● **Given information**
□ □ □ □
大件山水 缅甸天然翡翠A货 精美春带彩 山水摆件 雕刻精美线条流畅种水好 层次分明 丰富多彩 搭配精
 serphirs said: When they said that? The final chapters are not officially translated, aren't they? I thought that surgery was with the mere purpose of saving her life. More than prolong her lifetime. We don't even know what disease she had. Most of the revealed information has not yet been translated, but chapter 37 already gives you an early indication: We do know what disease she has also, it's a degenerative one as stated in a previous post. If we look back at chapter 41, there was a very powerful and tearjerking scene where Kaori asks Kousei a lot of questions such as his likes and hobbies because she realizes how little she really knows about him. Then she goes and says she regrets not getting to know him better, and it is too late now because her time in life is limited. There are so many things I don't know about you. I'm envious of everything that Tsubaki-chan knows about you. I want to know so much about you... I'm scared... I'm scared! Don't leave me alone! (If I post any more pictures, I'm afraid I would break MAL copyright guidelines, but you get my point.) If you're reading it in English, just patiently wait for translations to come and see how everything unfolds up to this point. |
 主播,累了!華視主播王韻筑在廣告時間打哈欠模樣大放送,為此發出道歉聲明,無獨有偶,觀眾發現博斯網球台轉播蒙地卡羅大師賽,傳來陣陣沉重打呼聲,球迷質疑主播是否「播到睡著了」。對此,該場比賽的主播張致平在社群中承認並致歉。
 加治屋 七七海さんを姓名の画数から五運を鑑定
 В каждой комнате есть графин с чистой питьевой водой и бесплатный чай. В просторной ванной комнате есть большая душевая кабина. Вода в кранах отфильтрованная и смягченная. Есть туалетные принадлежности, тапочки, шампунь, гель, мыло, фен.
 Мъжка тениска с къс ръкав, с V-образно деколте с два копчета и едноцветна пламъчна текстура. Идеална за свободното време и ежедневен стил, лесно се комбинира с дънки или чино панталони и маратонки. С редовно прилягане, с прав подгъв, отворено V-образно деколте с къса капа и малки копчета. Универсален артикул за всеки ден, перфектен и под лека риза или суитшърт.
□ □ □ □
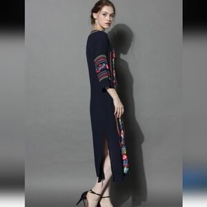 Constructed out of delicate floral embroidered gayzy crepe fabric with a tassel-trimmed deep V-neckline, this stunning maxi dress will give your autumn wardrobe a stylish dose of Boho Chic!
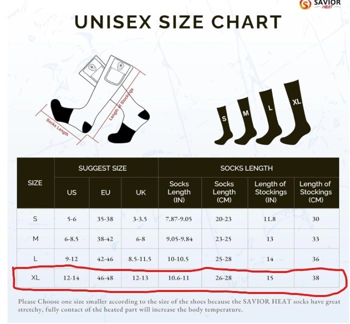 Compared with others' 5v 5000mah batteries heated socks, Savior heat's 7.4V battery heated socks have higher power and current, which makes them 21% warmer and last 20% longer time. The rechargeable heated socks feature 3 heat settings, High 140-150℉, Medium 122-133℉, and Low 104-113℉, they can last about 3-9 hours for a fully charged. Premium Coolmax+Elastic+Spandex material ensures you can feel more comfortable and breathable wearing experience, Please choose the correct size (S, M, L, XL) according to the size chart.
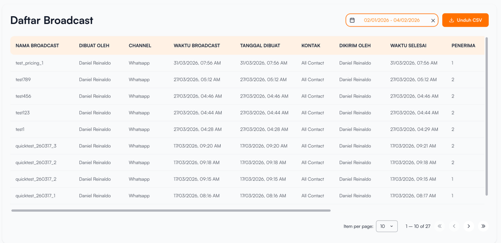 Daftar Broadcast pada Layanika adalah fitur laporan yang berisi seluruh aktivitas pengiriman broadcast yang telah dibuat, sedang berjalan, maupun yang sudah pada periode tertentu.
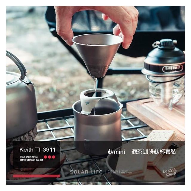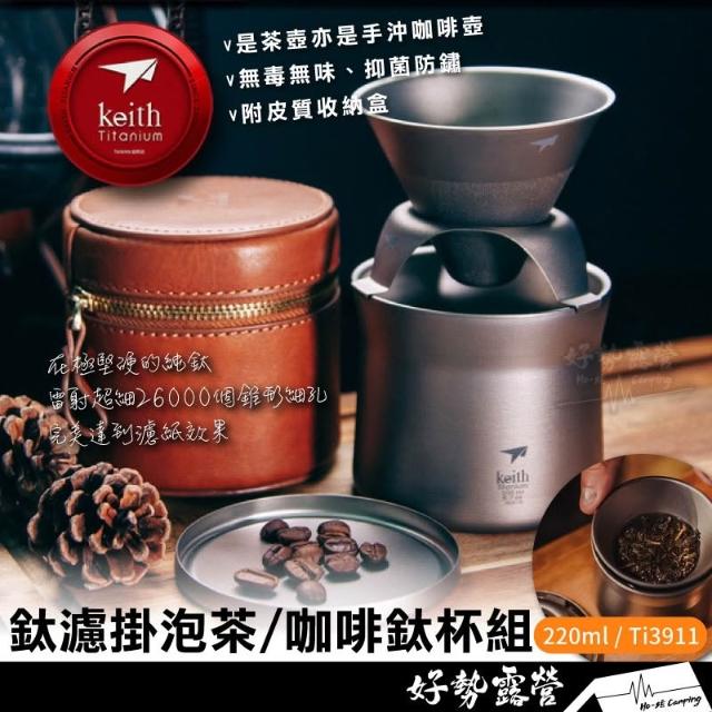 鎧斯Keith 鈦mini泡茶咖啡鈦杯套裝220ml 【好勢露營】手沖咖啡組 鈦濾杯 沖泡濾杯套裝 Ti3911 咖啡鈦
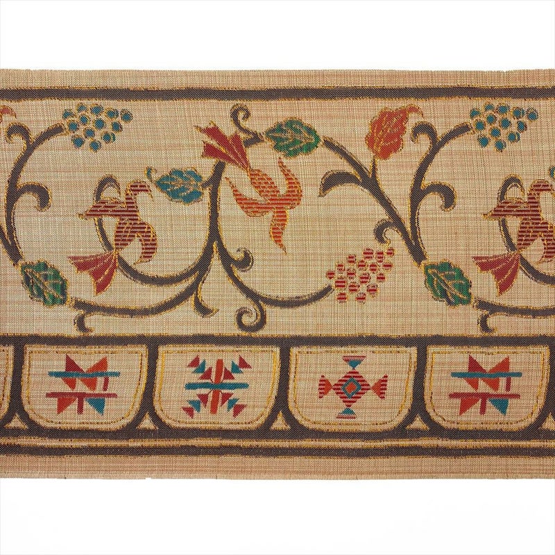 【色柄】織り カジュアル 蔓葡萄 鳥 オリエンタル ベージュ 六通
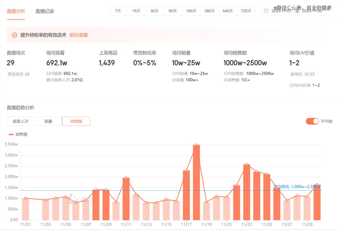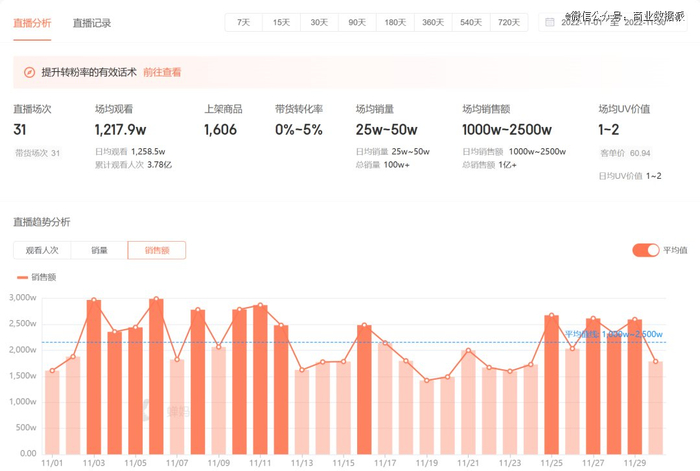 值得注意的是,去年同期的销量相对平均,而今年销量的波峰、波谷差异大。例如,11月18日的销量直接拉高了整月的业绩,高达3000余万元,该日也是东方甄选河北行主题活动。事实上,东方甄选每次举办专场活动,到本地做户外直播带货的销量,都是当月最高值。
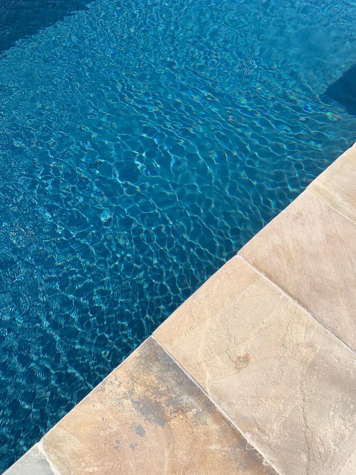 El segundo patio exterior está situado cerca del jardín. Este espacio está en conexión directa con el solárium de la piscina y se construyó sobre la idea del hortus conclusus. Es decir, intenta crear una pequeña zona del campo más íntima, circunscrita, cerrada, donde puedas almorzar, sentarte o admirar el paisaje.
□ □ □ □
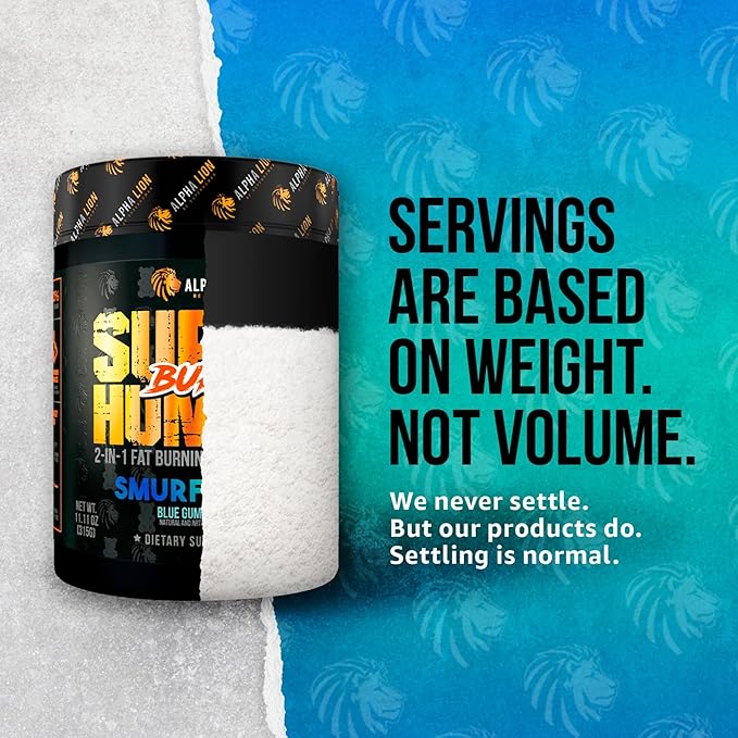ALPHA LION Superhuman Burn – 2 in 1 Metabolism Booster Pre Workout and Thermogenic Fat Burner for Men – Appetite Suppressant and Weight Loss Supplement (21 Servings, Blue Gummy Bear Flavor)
□ □ □ □
Above are some entries. Restate word for word the lines from the one holding "Daftar Broadcast pada" through the one holding "鎧斯Keith 鈦mini泡茶咖啡鈦杯套裝220ml 【好勢露營】手沖咖啡組", but not the pictures.

● **Answer to this problem**
 Daftar Broadcast pada Layanika adalah fitur laporan yang berisi seluruh aktivitas pengiriman broadcast yang telah dibuat, sedang berjalan, maupun yang sudah pada periode tertentu.
 鎧斯Keith 鈦mini泡茶咖啡鈦杯套裝220ml 【好勢露營】手沖咖啡組 鈦濾杯 沖泡濾杯套裝 Ti3911 咖啡鈦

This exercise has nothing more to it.